Despite some frameworks sketching the outlines, there is a lack of in-depth, systematic, theoretical analysis that clarifies the causes of risk and breaks them down into quantifiable, assessable dimensions. 2. Extreme Complexity of Risk Origins: The emergence of risk is never due to a single factor. It hinges on complex prerequisites and triggering mechanisms: the deployment environment and infrastructure, system composition and agent interaction (e.g., multi-agent setups), accessible knowledge and tool resources (e.g., internet, code execution), as well as business authorization and environmental affordances.

In real scenarios, risks may be triggered by user commands, specific contextual cues, or even autonomous tendencies that arise within the model (sometimes loosely called “self-awareness”), and they depend on particular capability combinations being activated.

How can we build a more credible risk assessment system to accurately trace and identify these intricate,multi-dimensional causal pathways? 3. Difficulties in Quantifying Risk Severity: How can we objectively and effectively measure the actual seriousness of risks? What risk thresholds should be deemed absolute “red lines” by society? Below these red lines, which levels of risk require heightened vigilance and priority intervention?

The absence of clear, consensual metrics poses major challenges for risk assessment, prioritization, and resource allocation. 4. Lack of Effective Mitigation Measures: Once we identify potential high-risk signals, what concrete and effective preventive or mitigation actions should we take? How can these measures be embedded in technical architectures, governance processes, or operational protocols? A systematic library of responses remains underdeveloped. 5. Assessment and Urgency of Real-World Risk: What concrete signs of frontier risk have today’s most advanced AI models (e.g., GPT-5, Claude 3 Opus, Gemini 1.5 Ultra) already exhibited? How close are we to the unacceptable risk red line? Clear-eyed understanding of the current situation is essential for crafting reasonable response strategies.

To bridge the gap between current understanding and practical action—and to drive the AI safety field toward a more scientific, measurable, and actionable future—we present China’s first systematic “Frontier AI Risk Management Framework” and practice report. Specifically, the framework is designed to address the five core questions above:

• Deconstructing the Nature of Risk: Clarifying the complex relationship between capability and risk, and providing a theoretical breakdown of risk causes;
• Building an Assessment System: Integrating multi-dimensional prerequisites and triggers to design novel risk-assessment methodologies from a 45° balanced reference line across capability and safety;
• Establishing Measurement Standards: Exploring ways to quantify risk levels, and defining thresholds for intervention;
• Developing Mitigation Strategies: Proposing targeted prevention, detection, and mitigation measures;
• Assessing the Current Landscape: Applying the framework to analyze real-world model risks and assess their urgency.

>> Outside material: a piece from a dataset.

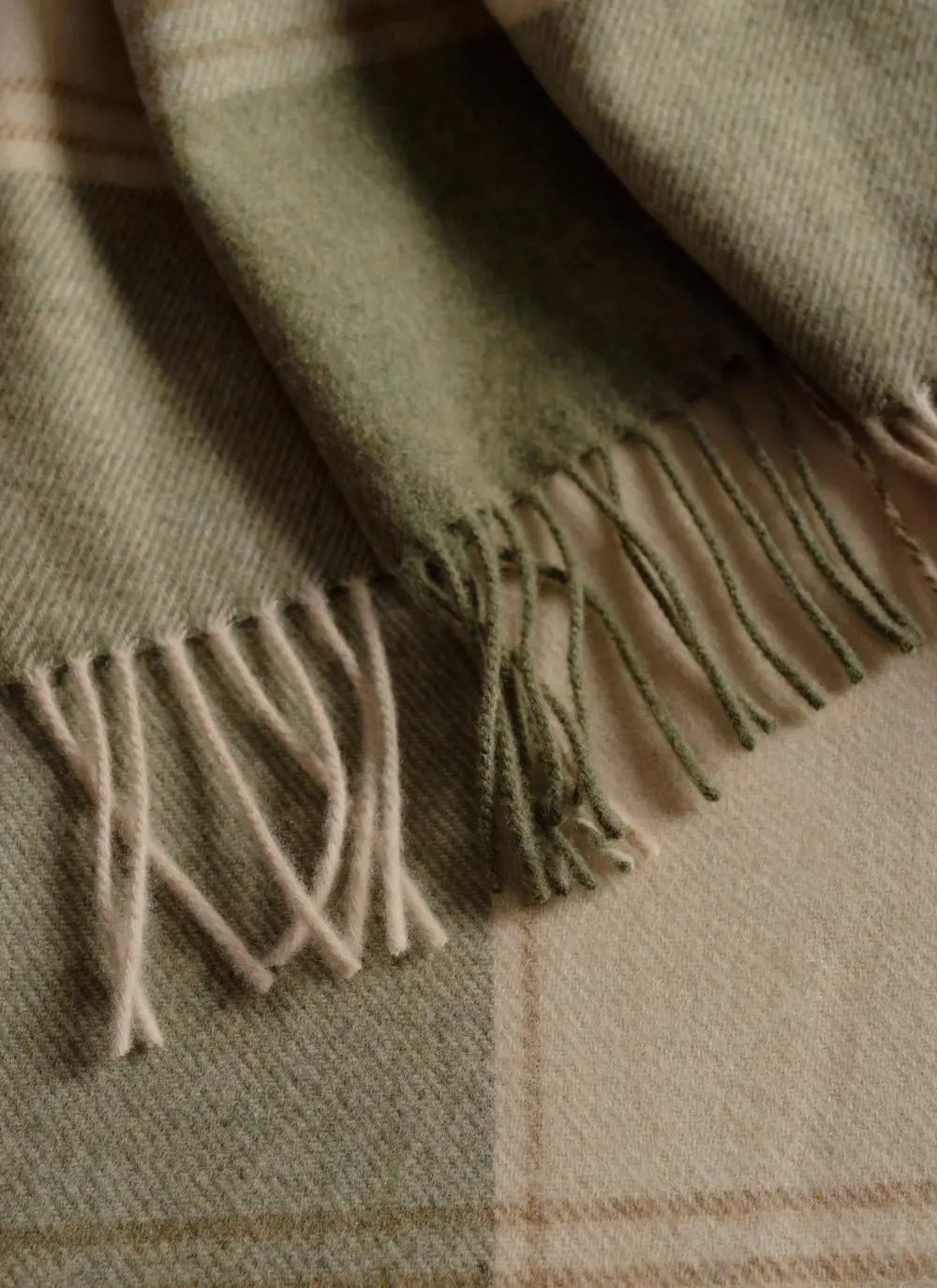 Green & Camel Lambswool Throw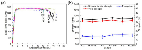 The representative engineering stress–strain curves of the aged samples are presented in Figure 4a. The samples H-X, H-Y, H-Z, H-XY45, H-XZ45, and H-YZ45 exhibit the UTS, YS, E, and elongation values from 1133 to 1166 MPa, 1093 to 1123 MPa, 98 to 111 GPa, and 13 to 16%, respectively (Table 4). Comparing these results with the SLMed samples’ results (as shown in Table 3), the mechanical properties of the aged samples demonstrate a higher tensile strength and elasticity modulus, but lower elongation than those of the SLMed samples. In addition, the mechanical properties of the aged samples in all orientations meet the aerospace allowable properties (YS of 1010 MPa and elongation of 8%) [19,23]. As is shown in Figure 4b, the UTS, YS, and elongation values of the aged samples can be considered roughly the same. Regardless of the anisotropic properties of the AMed Ti-55511 alloy (as depicted in Table 1), the mechanical properties of the aged Ti-55511 samples are almost isotropic. In order to deeply discuss the anisotropic properties, microstructural characterizations will be presented in the following section.

Through this framework and the sharing of practical insights, we hope to provide a concrete baseline for action for steering of frontier and highly capable AI more responsibly.

Question 1: What exactly are the “risks” we aim to evaluate?

Currently, near-term AI risks mostly concern the compliance and accuracy of content generated by large models, such as misinformation or biased outputs. These risks tend to have local impacts and are relatively easy to address through timely interventions.

However, mid- and long-term risks are qualitatively different. As AI systems evolve towards “complex integration” and “environmental interactivity,” their risk profiles grow ever more complex. Intelligent agents with autonomous decision-making and execution, or AI clusters collaborating across domains, may cause irreversible, asymmetric, cascading risks as they interact with the physical world and social systems.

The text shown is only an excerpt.